My heart lurched and my stomach sank, my gaze hanging on the check.

His steps were long and measured as he approached, looking down at me like a furious god. “Have anything to tell me?” he asked quietly, darkly.

“I can explain,” I started, scrambling to my feet.

His eyes followed me as I rose. “I don’t know that there’s a way you could explain this one away, Olivia.”

He was so calm, so sharp, I didn’t think I’d ever been so afraid of what he’d say. The wild, angry bear could be met with a roar. But this I didn’t know how to fight.

“He just gave it to me yesterday—”

“You should have told me the second you came home.
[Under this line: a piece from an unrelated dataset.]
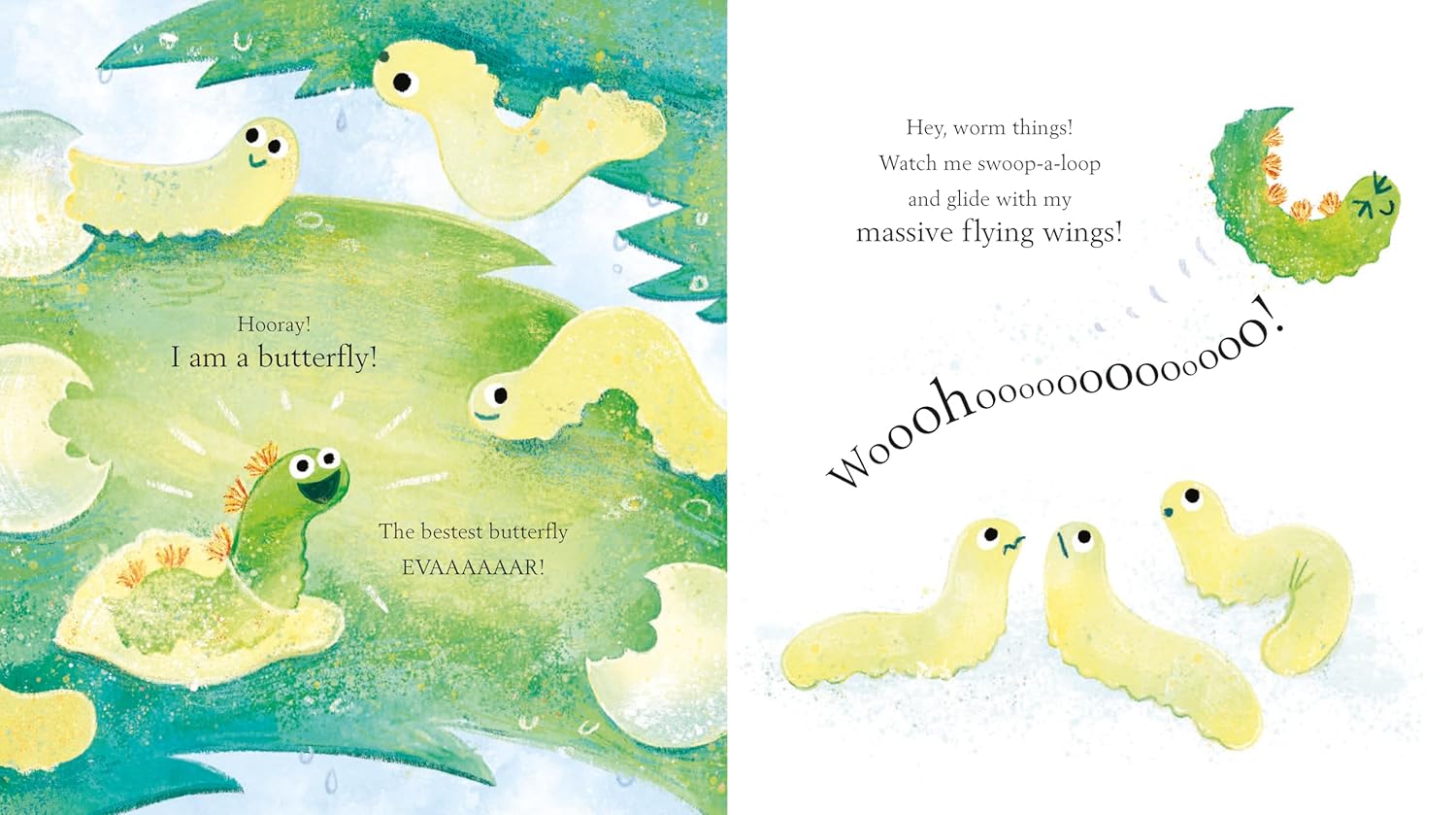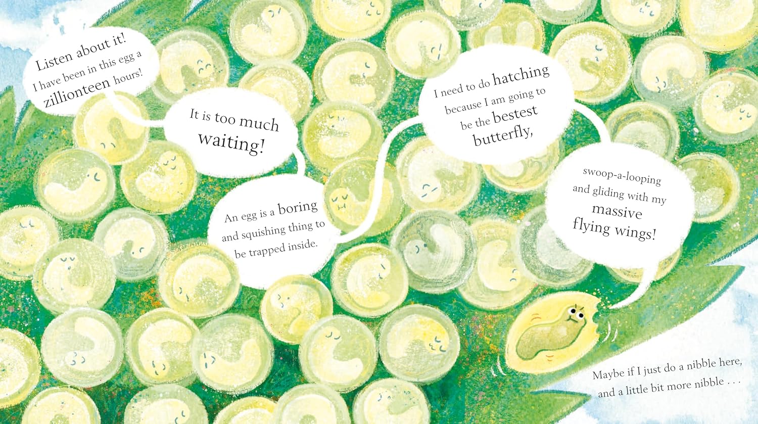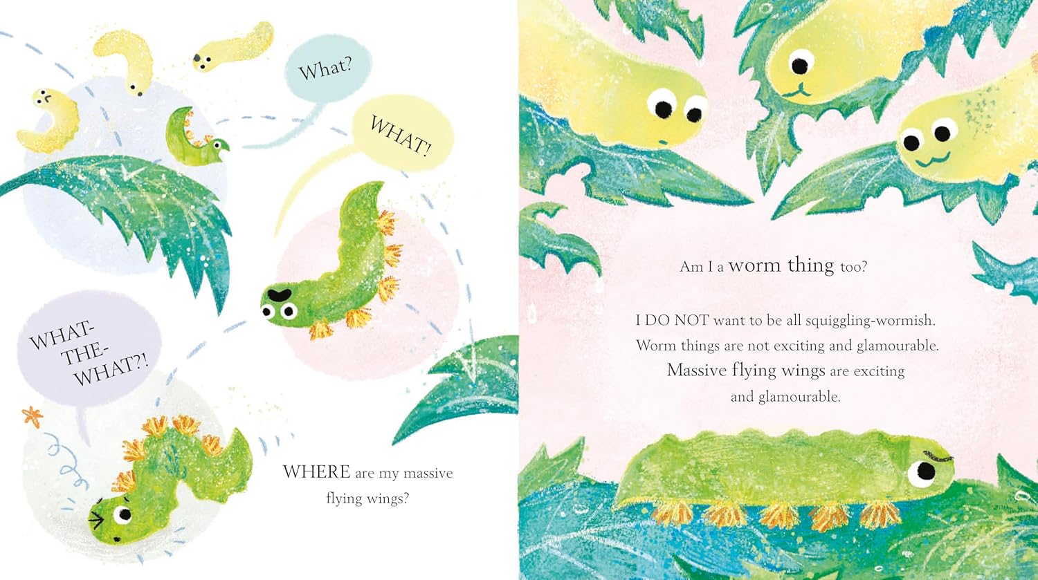 This little caterpillar can't wait to become a butterfly, swoop-a-looping with massive flying wings. But there is TOO MUCH WAITING. First you have to eat LOTS of leaves. Then you have to make a cocoon . . . and wait some MORE before you can grow wings and fly!
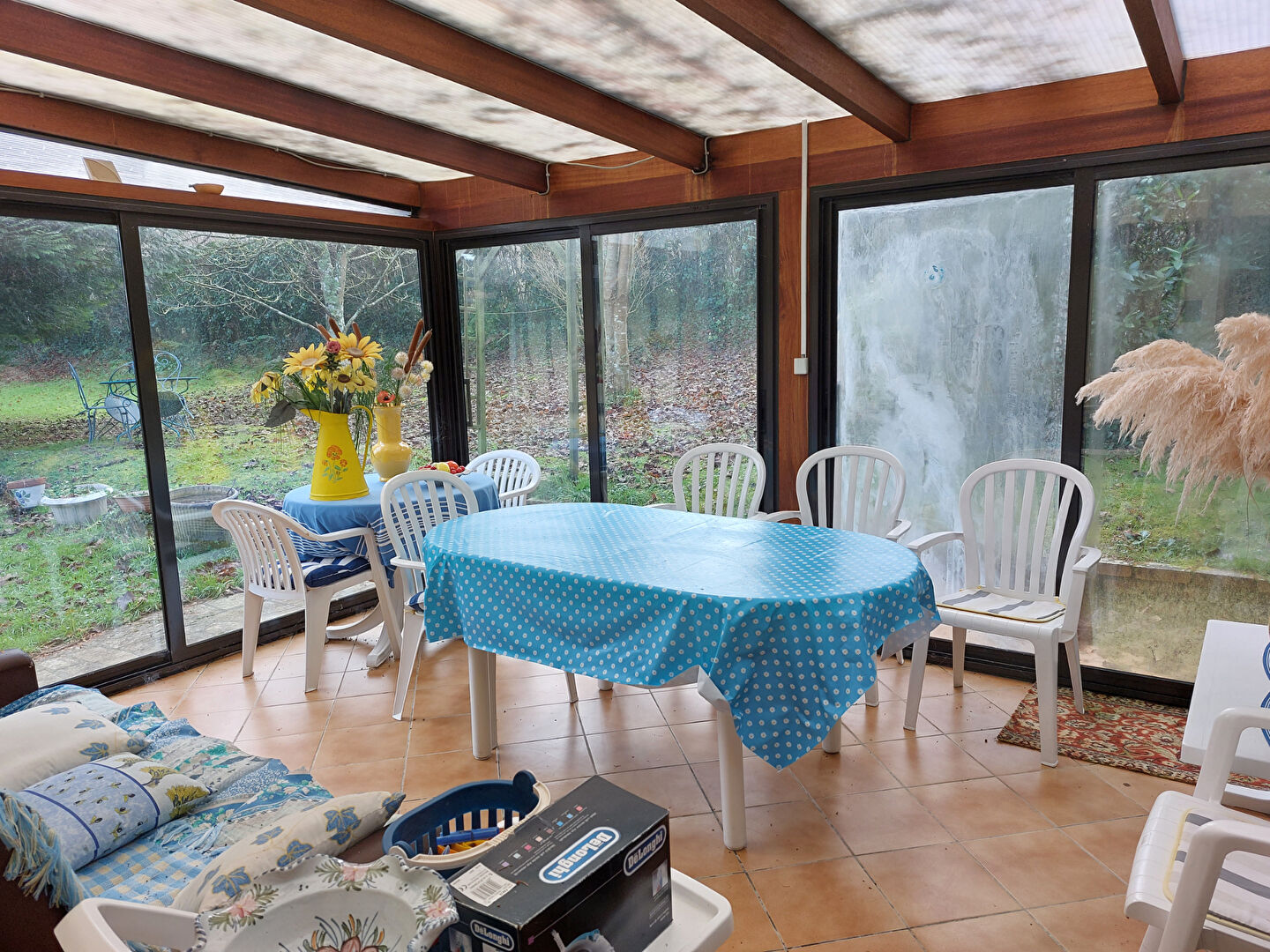 Divisée en entrée dans cuisine, salle à manger, salon, véranda, salle de bains avec WC et chambre.

Just like you should have discussed it with me before you tried to put the farm up for a loan.”

“After you said … when you said …” I stammered. “What was I supposed to do, chase you down and hand you two hundred grand from the Pattons? I was never going to cash it, Jake.”

“I don’t believe you.”

A hot flush bloomed on my cheeks, the sting of my nose warning of tears. “You don’t actually think that I’d—”

“When you accepted this scrap of bullshit, you betrayed me, this farm, and everyone who depends on it. Which is apparently everyone but you.” He crumpled up the paper and dropped it. “And again, you lied. You didn’t tell me about the money—I had to find out about it from him.”

“Do you honestly believe that I wasn’t going to tell you?”

“You’ve kept things from me before. Why not now? It tracks—you’ve been pushing for peace with the Pattons since you got here. Since Pop’s funeral. This is what you want, it’s what you’ve wanted for a long time, but if you’d been here instead of leaving us all those years ago, you’d know just how grave that mistake was. I told you I’d figure all of this out, but you didn’t have any faith. Instead, you ran off to the bank to try to borrow off the farm without even mentioning it to me, and then you accepted a check from the devil. Be honest, Olivia—you don’t trust me anymore than I trust you, or you would have come to me with the loan, the check, the truth about James Patton and his intentions. If we don’t even have trust between us, we don’t have anything.”

“What are you saying, Jake?” The question trembled.

“You’re dangerous, Olivia. You are a danger to this farm. You're the weak spot, just like the Pattons figured you for, and that check proves it. If you’d just fucking gone home, none of this would have happened. The sick cattle, the fire, the missing stock—it was all a scheme to steal the farm through you. And you let it happen.”

“That’s not fair,” I said softly, painfully. “I tried to tell you.”

“Not very hard.”

For a long, pregnant moment, we stared at each other.

“Tell me what to do, Jake. Tell me how to make it right.”

He shook his head. “There is one thing in this world I hold above all else—loyalty. I believe you think you’re helping. I believe you think you have the answers. You told me you’d never hurt me on purpose. You’d never hurt the farm on purpose, either. But here we are, and both are broken, thanks to you. And the good you’ve done was erased when you put your faith in the fucking Pattons over me.”